_What to produce_: Every line of the entries below from the one containing "Water, sodium bicarbonate, glycerin, calcium" to the one containing "This Holiday Gift", both ends included, must be written out exactly. No other line belongs in the answer.

_Material provided_:
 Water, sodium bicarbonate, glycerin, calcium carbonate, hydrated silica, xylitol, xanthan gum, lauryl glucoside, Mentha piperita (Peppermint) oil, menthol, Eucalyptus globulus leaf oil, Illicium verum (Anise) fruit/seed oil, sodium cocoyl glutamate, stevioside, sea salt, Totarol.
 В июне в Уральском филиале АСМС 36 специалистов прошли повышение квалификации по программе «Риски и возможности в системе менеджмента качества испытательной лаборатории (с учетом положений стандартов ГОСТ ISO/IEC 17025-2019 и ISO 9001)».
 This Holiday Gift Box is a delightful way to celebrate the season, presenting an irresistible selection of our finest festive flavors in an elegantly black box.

---

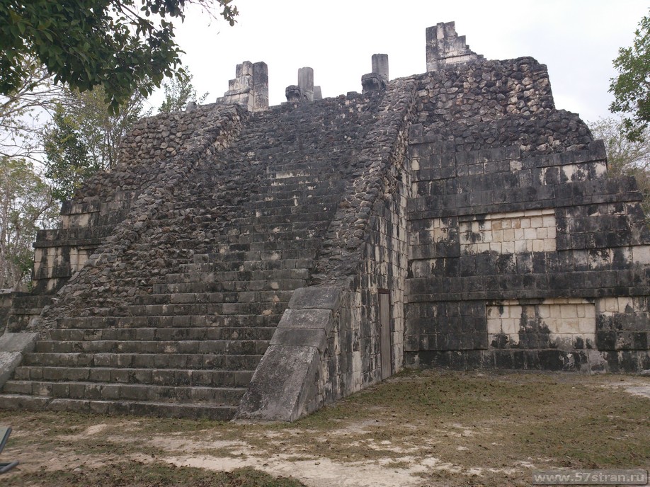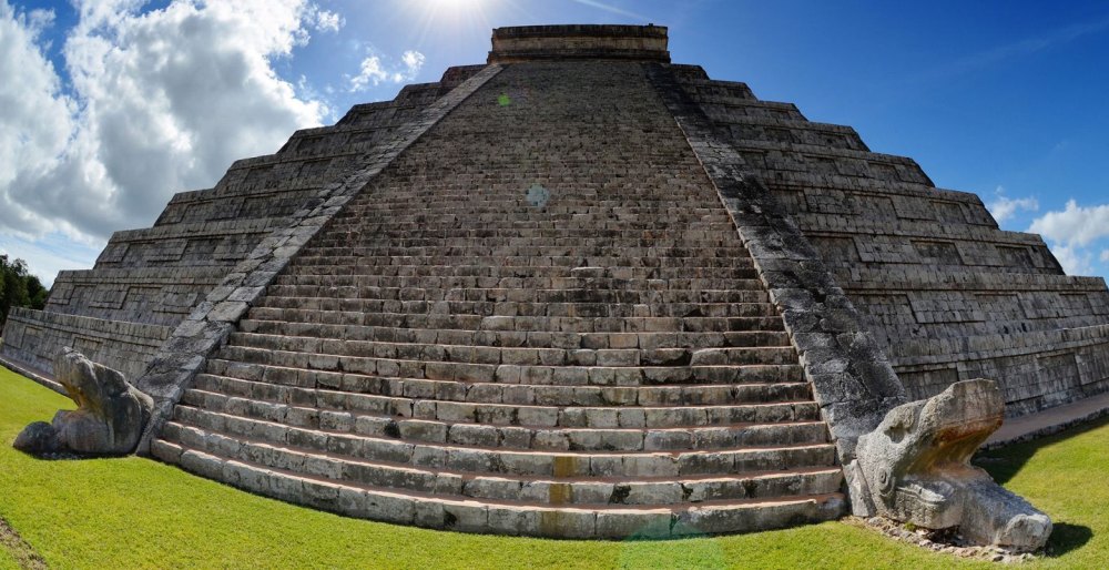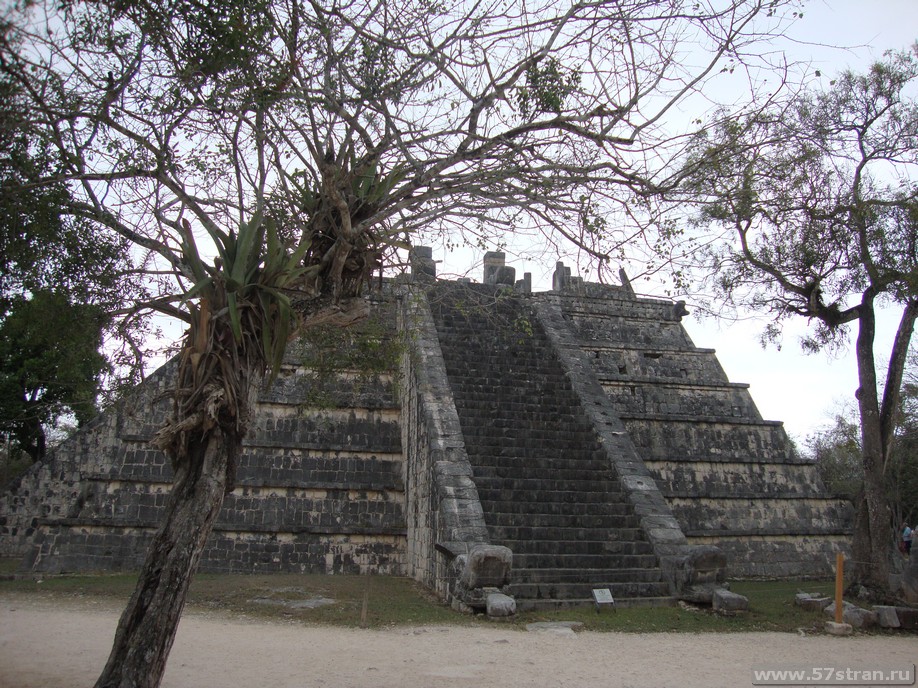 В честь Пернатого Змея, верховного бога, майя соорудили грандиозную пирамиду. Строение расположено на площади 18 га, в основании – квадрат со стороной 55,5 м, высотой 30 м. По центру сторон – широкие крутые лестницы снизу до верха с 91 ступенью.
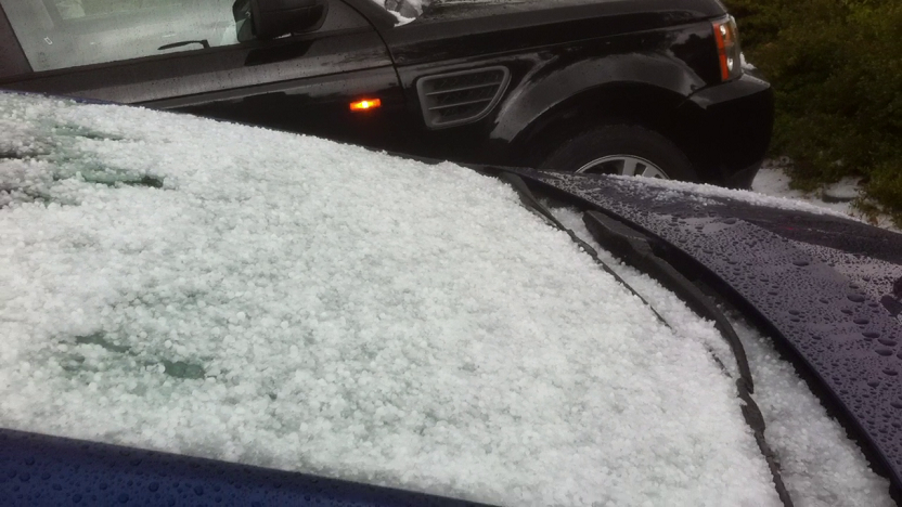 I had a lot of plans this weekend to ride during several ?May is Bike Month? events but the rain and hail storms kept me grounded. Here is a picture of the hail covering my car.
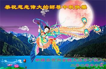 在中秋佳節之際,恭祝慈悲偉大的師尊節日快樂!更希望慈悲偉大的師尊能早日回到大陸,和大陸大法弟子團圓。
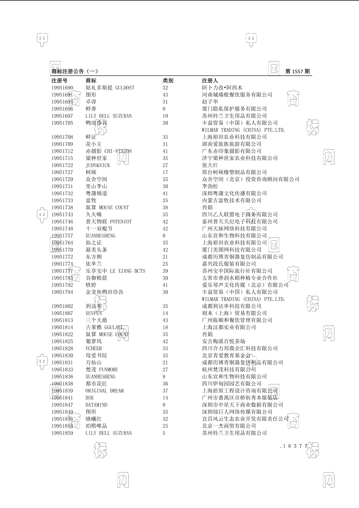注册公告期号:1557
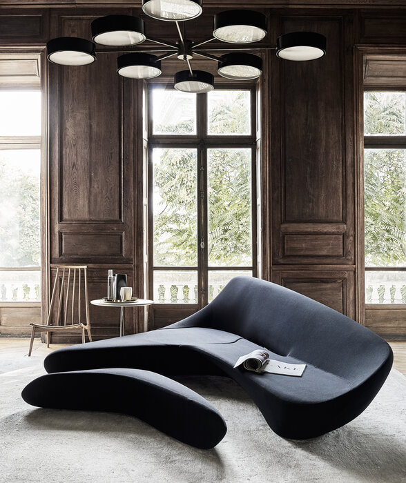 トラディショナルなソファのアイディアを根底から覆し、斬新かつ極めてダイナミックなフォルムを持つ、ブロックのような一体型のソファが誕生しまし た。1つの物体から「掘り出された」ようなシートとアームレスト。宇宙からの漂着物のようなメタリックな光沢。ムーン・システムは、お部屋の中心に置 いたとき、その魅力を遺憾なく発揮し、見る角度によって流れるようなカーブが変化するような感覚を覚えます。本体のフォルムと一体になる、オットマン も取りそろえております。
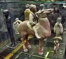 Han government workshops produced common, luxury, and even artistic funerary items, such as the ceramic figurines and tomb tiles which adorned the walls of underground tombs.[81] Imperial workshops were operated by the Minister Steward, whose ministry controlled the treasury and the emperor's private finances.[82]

_Answer box_:
 Water, sodium bicarbonate, glycerin, calcium carbonate, hydrated silica, xylitol, xanthan gum, lauryl glucoside, Mentha piperita (Peppermint) oil, menthol, Eucalyptus globulus leaf oil, Illicium verum (Anise) fruit/seed oil, sodium cocoyl glutamate, stevioside, sea salt, Totarol.
 В июне в Уральском филиале АСМС 36 специалистов прошли повышение квалификации по программе «Риски и возможности в системе менеджмента качества испытательной лаборатории (с учетом положений стандартов ГОСТ ISO/IEC 17025-2019 и ISO 9001)».
 This Holiday Gift Box is a delightful way to celebrate the season, presenting an irresistible selection of our finest festive flavors in an elegantly black box.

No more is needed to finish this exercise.